## Task item
Return nothing but the lines from the one with "6 July 2019;" through the one with "AIを活用することで消費者心" in the data below, word for word and without pictures.

## Records shown
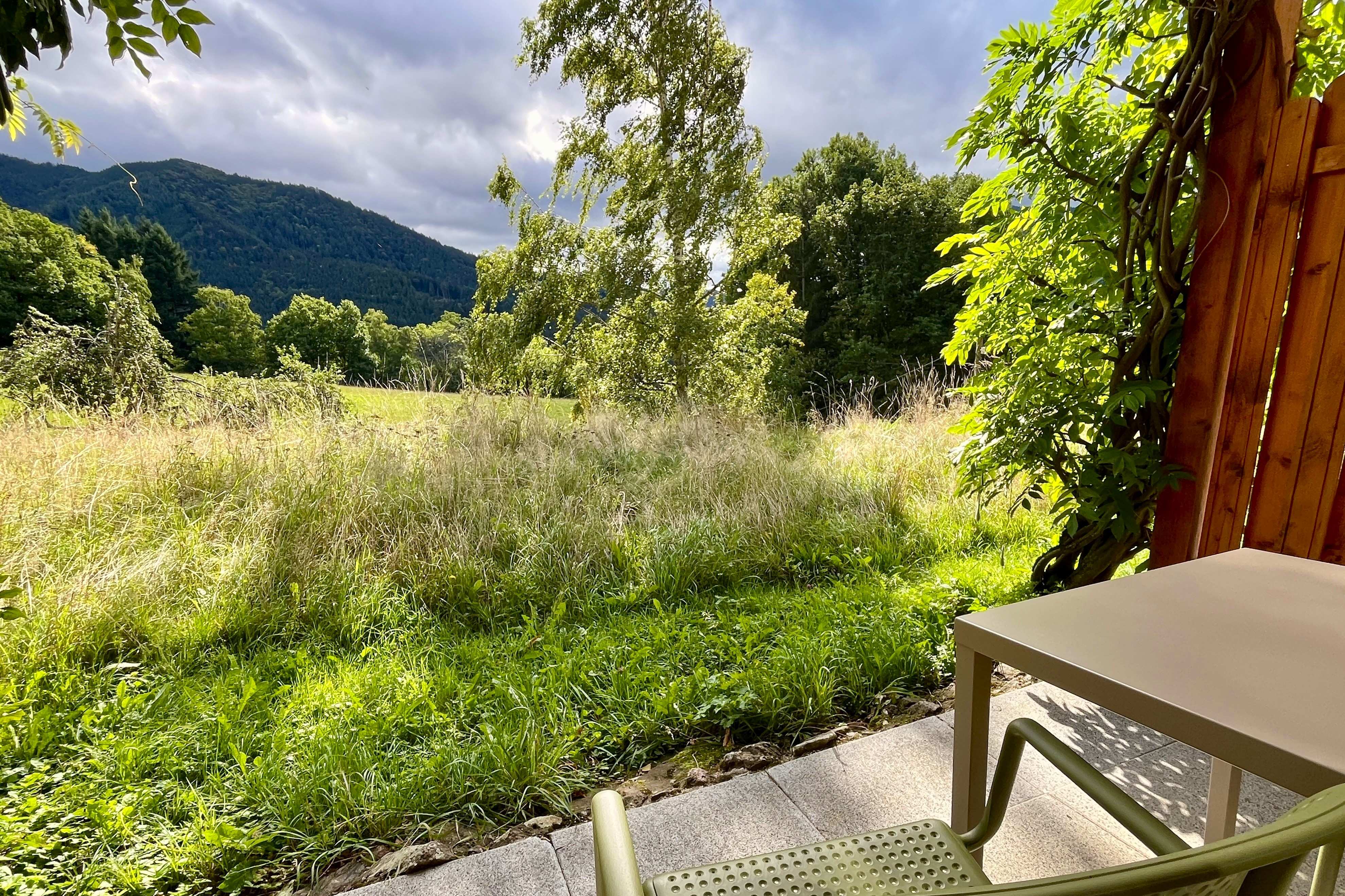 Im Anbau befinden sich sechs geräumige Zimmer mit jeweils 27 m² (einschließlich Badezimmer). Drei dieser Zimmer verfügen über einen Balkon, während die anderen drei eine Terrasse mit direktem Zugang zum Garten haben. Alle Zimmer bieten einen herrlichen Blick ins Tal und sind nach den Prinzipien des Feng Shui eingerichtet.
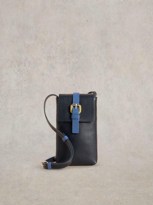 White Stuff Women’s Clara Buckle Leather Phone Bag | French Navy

---

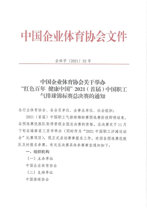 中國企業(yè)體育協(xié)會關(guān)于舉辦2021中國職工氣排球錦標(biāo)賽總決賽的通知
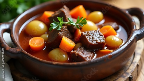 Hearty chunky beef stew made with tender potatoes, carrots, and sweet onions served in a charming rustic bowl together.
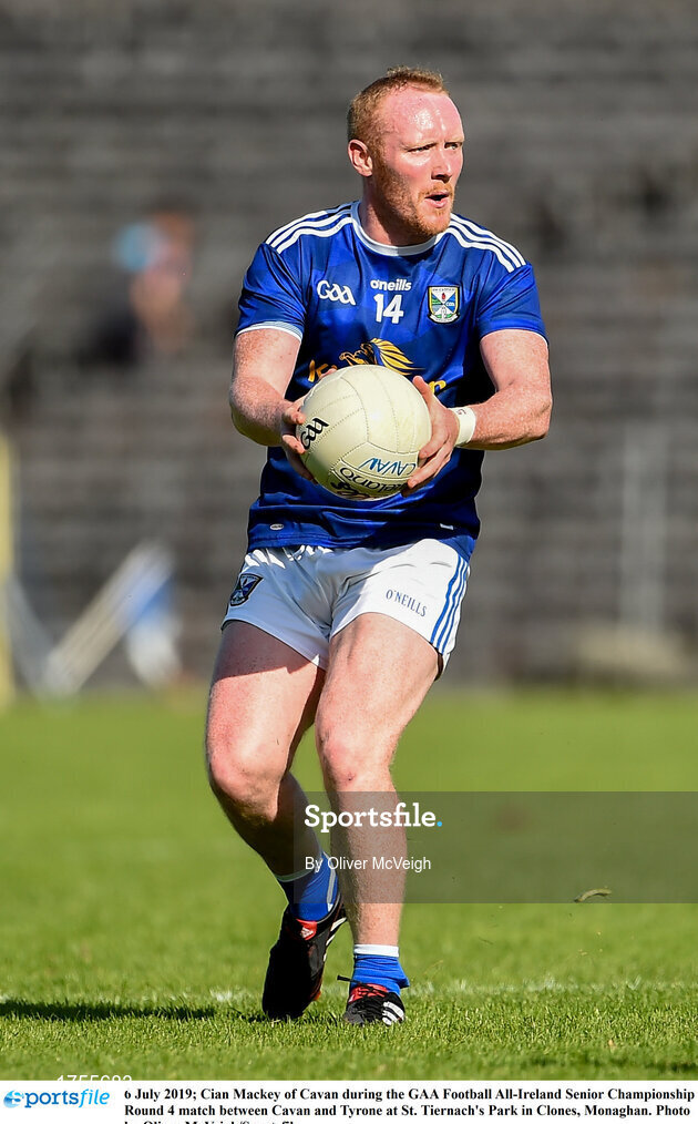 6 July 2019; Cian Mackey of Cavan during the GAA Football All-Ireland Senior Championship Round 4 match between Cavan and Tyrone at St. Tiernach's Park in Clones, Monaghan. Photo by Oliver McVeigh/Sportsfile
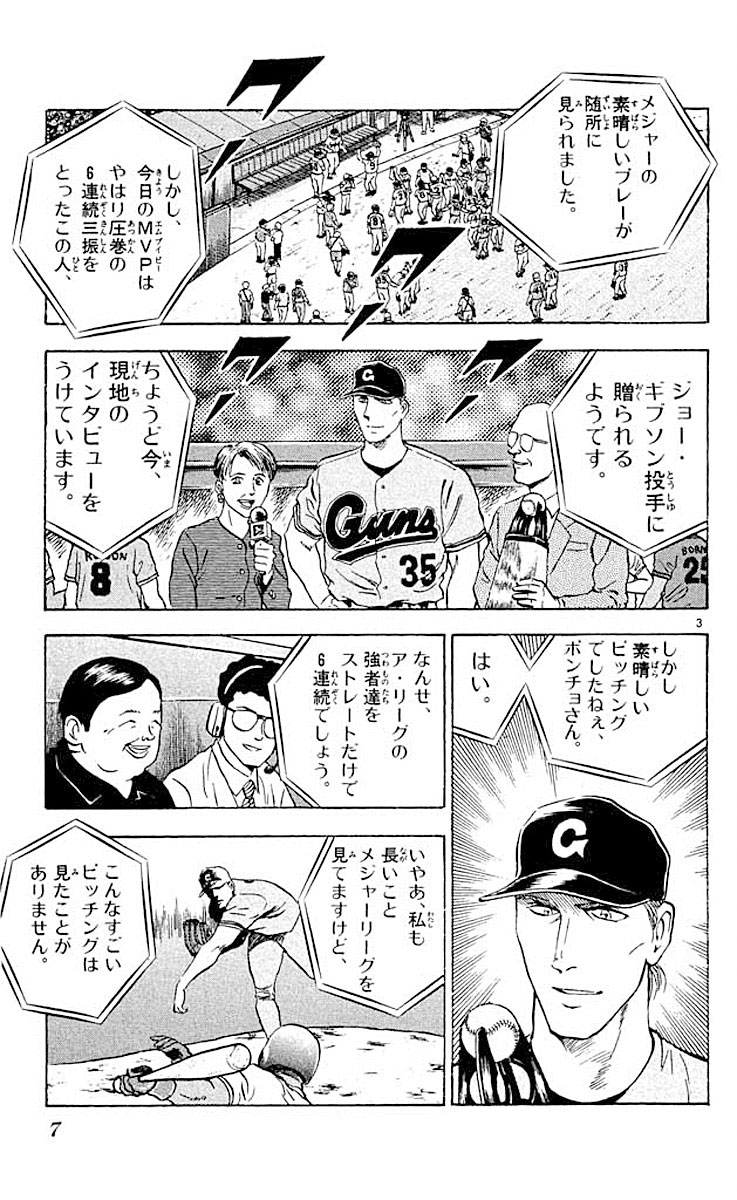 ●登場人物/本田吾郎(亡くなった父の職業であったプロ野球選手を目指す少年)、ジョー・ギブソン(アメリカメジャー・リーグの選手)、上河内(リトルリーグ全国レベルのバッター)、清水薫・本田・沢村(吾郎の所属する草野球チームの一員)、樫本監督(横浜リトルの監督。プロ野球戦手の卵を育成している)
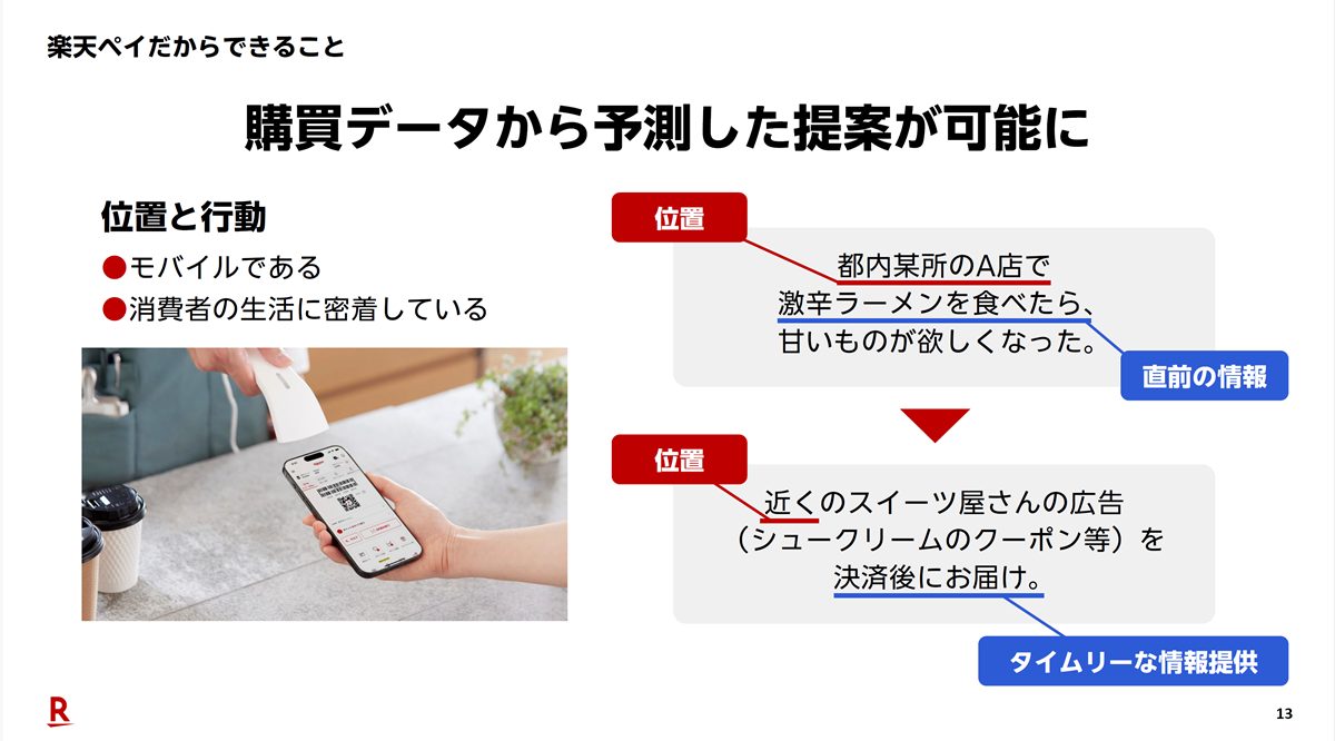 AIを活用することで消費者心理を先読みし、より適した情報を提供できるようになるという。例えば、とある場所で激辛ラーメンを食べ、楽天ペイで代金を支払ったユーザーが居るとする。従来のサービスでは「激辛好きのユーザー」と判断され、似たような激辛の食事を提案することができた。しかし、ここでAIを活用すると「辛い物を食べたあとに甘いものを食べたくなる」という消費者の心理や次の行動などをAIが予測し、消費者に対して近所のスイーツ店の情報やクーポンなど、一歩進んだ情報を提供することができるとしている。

## Answer
 6 July 2019; Cian Mackey of Cavan during the GAA Football All-Ireland Senior Championship Round 4 match between Cavan and Tyrone at St. Tiernach's Park in Clones, Monaghan. Photo by Oliver McVeigh/Sportsfile
 ●登場人物/本田吾郎(亡くなった父の職業であったプロ野球選手を目指す少年)、ジョー・ギブソン(アメリカメジャー・リーグの選手)、上河内(リトルリーグ全国レベルのバッター)、清水薫・本田・沢村(吾郎の所属する草野球チームの一員)、樫本監督(横浜リトルの監督。プロ野球戦手の卵を育成している)
 AIを活用することで消費者心理を先読みし、より適した情報を提供できるようになるという。例えば、とある場所で激辛ラーメンを食べ、楽天ペイで代金を支払ったユーザーが居るとする。従来のサービスでは「激辛好きのユーザー」と判断され、似たような激辛の食事を提案することができた。しかし、ここでAIを活用すると「辛い物を食べたあとに甘いものを食べたくなる」という消費者の心理や次の行動などをAIが予測し、消費者に対して近所のスイーツ店の情報やクーポンなど、一歩進んだ情報を提供することができるとしている。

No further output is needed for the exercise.